I need to read a file in Python, where sections are enclosed by /*!
for the beginning of the section and *
for its end:
/*!Text
this text is to be printed, but it can expand
several lines
even empty lines, but they have to be printed in the same way they're encountered
this until a * character is found
*
/*!Another section starts here
whatever
*
The objective is to print the lines as they're encountered in each section for now (then I'll have to do some processing). To read a file in Python I have something like this:
# open file
with open(filename) as fh:
fit = enumerate(iter(fh.readline, ''), start=1)
# loop over lines
for lino, line in fit:
if line.startswith('/*!T'):
lino, line = next(fit)
print(lino, line)
Now, instead of printing a single line, I would like to print as many lines until the new line starts with the string '/*!'
. In C one would use the peak
function, so is there something equivalent in Python?
UPDATE
So I may have done some progress when opening the file in binary mode (I'm using Python 3):
# open file
with open(filename, 'rb') as fh:
fit = enumerate(iter(fh.readline, ''), start=1)
# loop over lines
for lino, line in fit:
if not line:
break
if line.startswith('/*!T'):
while True:
lino, line = next(fit)
print(str(line))
char = fh.read(1)
# back one character
fh.seek(-1,1)
if char == b'*':
break
But it seems to me there has to be a much compact way to do this in Python. Any suggestions?

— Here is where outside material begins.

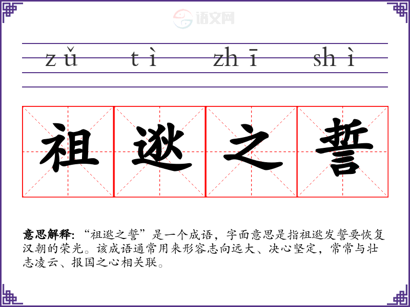 “祖逖之誓”是一个成语,字面意思是指祖逖发誓要恢复汉朝的荣光。该成语通常用来形容志向远大、决心坚定,常常与壮志凌云、报国之心相关联。

I'd use a regular expression:
import re
def get_sections(filename):
with open(filename) as f:
data = f.read()
return re.findall(r'(?sm)^/\*!(.*?)^\*', data)
for section in get_sections('inputfile.txt'):
print section
Alternatively, I might create a generator function that yields only the section lines:
def get_section_line(f):
iterator = enumerate(f)
for lno, line in iterator:
if line.startswith("/*!"):
yield lno, line.replace("/*!", "", 1)
for lno, line in iterator:
if line.startswith('*'):
break
yield lno, line
with open('inputfile.txt') as f:
for lno, line in get_section_line(f):
print "%04d %s"%(lno,line.rstrip('\n'))
Finally, here is a solution which maintains the section structure, in case knowing which section you're in matters:
import itertools
def get_sections(f):
it = enumerate(f)
for lno, line in it:
if line.startswith("/*!"):
yield itertools.chain(
[(lno,line.replace("/*!","",1))],
itertools.takewhile(lambda i: not i[1].startswith('*'), it))
with open('inputfile.txt') as f:
for secno, section in enumerate(get_sections(f)):
for lno, line in section:
print "%04d %04d %s"%(secno, lno,line.rstrip('\n'))